I'm afraid I have to disagree with Mears's objection to women being to have formula available 'just in case'. Had I been given that advice, that mixed feeding was an option rather than the all-or-nothing doctrine I received before and after my son was born, my experience of the first few weeks of motherhood might have been much more positive.
Well I went to all the ante-natal classes and appointments, read the books and magazines, visited the websites - amd when my son was born 8 months ago I had every intention of breastfeeding him - after all it was best for him, and to do anything else would be depriving him of the best start to life, wouldn't it? Unfortunately although he had no problem latching on I simply wasn't producing as much milk as he wanted. Well everyone kept saying, just persevere and it'll sort itself out. So for three weeks I was feeding virtually non-stop, frequently for 6 hours at a time, and with never more than half an hour between feeds. As you can imagine the result was sore nipples, an exhausted mum, and a tired but still hungry baby.
Eventually when I was so exhausted that I could do nothing more and fell asleep anyway, my husband without me knowing gave him a bottle. And guess what, not only did my baby sleep afterwards, but I did. And although I went ballistic at my husband at the time, beleiving that he'd ruined any chance of continuing to breastfeed, and that our son would be disadvantaged for the rest of his life because of it (yes, that was the message I'd been getting from the midwives and HV's) that 6 hour break was all that was needed to allow my milk to build up enough for the next feed to actually produce enough without the many-hour marathons we'd had before. Result happier baby and happier mum.
Was three weeks of being constantly hungry and losing weight really the best start in life for him? Was having a mum who was so stressed by the sense of failure, and so determined not to give up on breastfeeding, that she was constantly in tears really the best start in life for him? As it is although he's a happy, healthy child at the moment he's never really caught up the weight he should have gained in those first few weeks (slipping from 91st centile to 25th), and who knows what the long term effects of that might be?

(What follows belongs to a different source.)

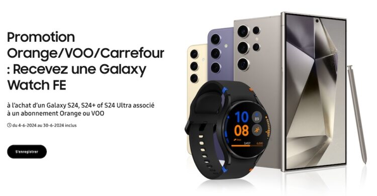 เว็บไซต์ทางการของ Samsung ในเบลเยียม จัดโปรโมชันแจก Galaxy Watch FE สำหรับใครก็ตามที่ซื้อสมาร์ทโฟนเรือธง Galaxy S24, Galaxy S24+ หรือ Galaxy S24 Ultra ภายในวันที่ 30 มิถุนายนนี้

I suppose the moral of the story is that the world isn't black and white, but shades of grey. Just one bottle a day from then on was all it took to be able to continue breastfeeding until my son was 6 months old. Is that such a a heinous crime? Yet I was made to feel so guilty about it that I didn't dare to admit to the Health Visitors that we'd let him have that one bottle for fear of the castigation that would follow. (By the way all but one of the breastfeeding mothers I knew had given up well before I eventually did.) Without that one bottle I would undoubtedly have eventually been forced from pure desperation to switch entirely, yet in the end it was giving a bottle which enabled me to carry on breastfeeding.

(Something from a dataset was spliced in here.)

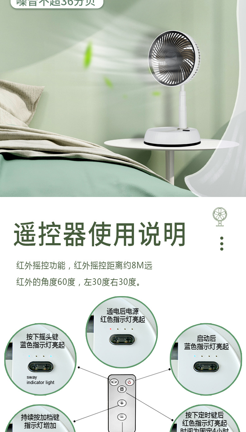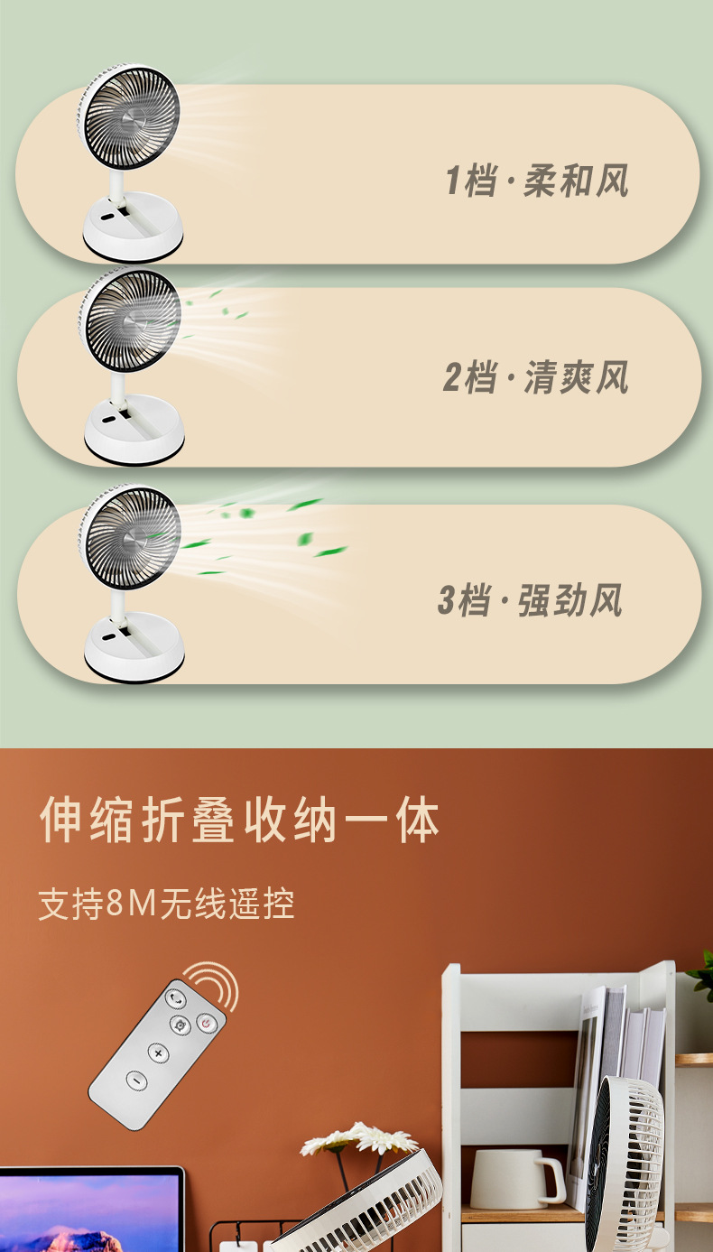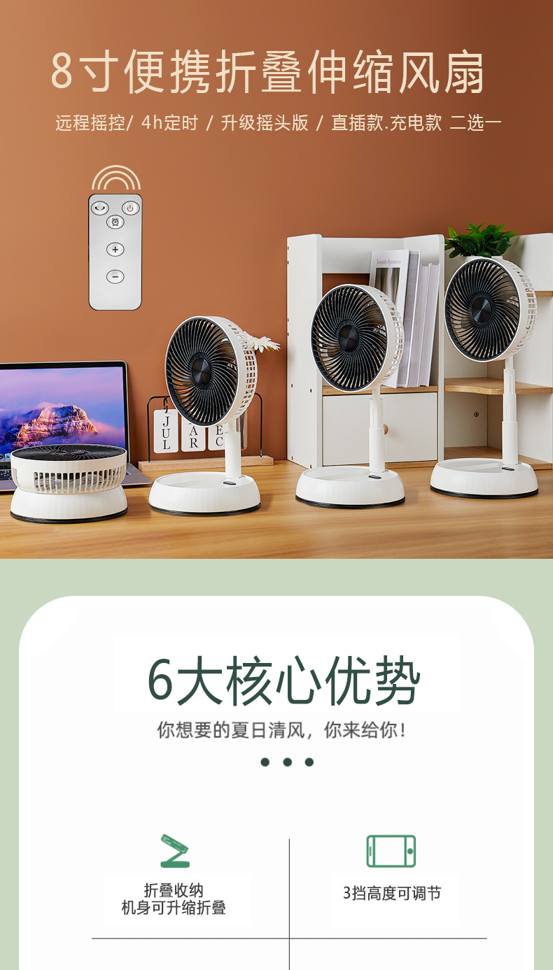 亚马逊新款风扇易收纳户外摇头摇控风扇充电桌地两用静音风扇

Next time around I'd have no hesitation in introducing a single bottle at bedtime earlier, to ensure that those early weeks don't become a living nightmare again. Will I admit to doing so? No probably not - the bottles will probably stay hidden in the cupboard and only extracted when no critical judgmental eyes might spot them. But I can't help wondering, how many other people, who to the eyes of the world are exclusively breastfeeding are in reality supplementing?